Question

How do you graph using the slope and the intercept of \[x-3y=-13\]?

Answer 1

Hint: We have given an equation of a line as \[x-3y=-13\] , which is a straight-line equation. A straight-line equation is always linear and represented as $ y=mx+c $ where $ m $ is the slope of the line and $ c $ is the y-intercept and $ \dfrac{-c}{m} $ is the x-intercept .

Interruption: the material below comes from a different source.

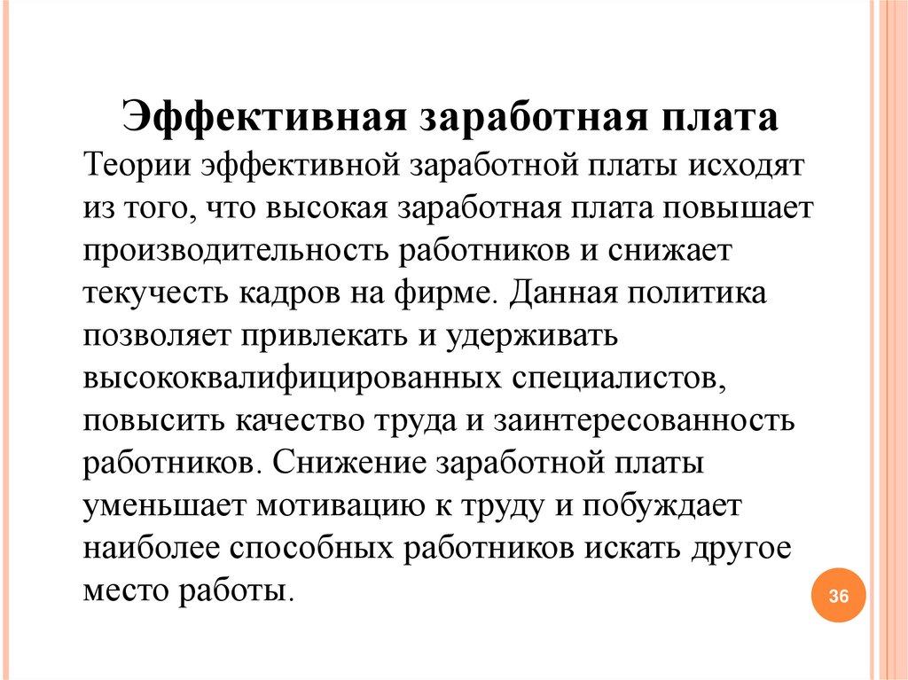 Эффективная заработная платаТеории эффективной заработной платы исходят

Complete step-by-step answer:
We have equation of line,
  $ x-3y=-13 $
Rewrite the equation in a slope intercept form,
 $ y=\dfrac{1}{3}x+\dfrac{13}{3} $
Now we compare this given equation with the general linear equation i.e., $ y=mx+c $
Hence,
Slope of the given line, $ m=\dfrac{1}{3} $ .
y-intercept of the given line , $ c=\dfrac{13}{3}=4.33 $
Therefore, we can say that point $ (0,4.33) $ lie on the line.
x-intercept of the given line , $ \dfrac{-c}{m}=\dfrac{-\dfrac{13}{3}}{\dfrac{1}{3}}=-\dfrac{13}{3}\times \dfrac{3}{1}=-13 $ .
Therefore, we can say that point $ (-13,0) $ lie on the line.
With the help of two points, we can plot the graph by connecting the points as follow,

Note: Slope of a line can also be found if two points on the line are given. Let the two points on the line be $ ({{x}_{1}},{{y}_{1}}),({{x}_{2}},{{y}_{2}}) $ respectively.
Then slope is given by , $ m=\dfrac{{{y}_{2}}-{{y}_{1}}}{{{x}_{2}}-{{x}_{1}}} $ .
Slope is also defined as the ratio of change in $ y $ over the change in $ x $ between any two points.
 y-intercept can also be found by substituting $ x=0 $ .
Similarly, x-intercept can also be found by substituting $ y=0 $ .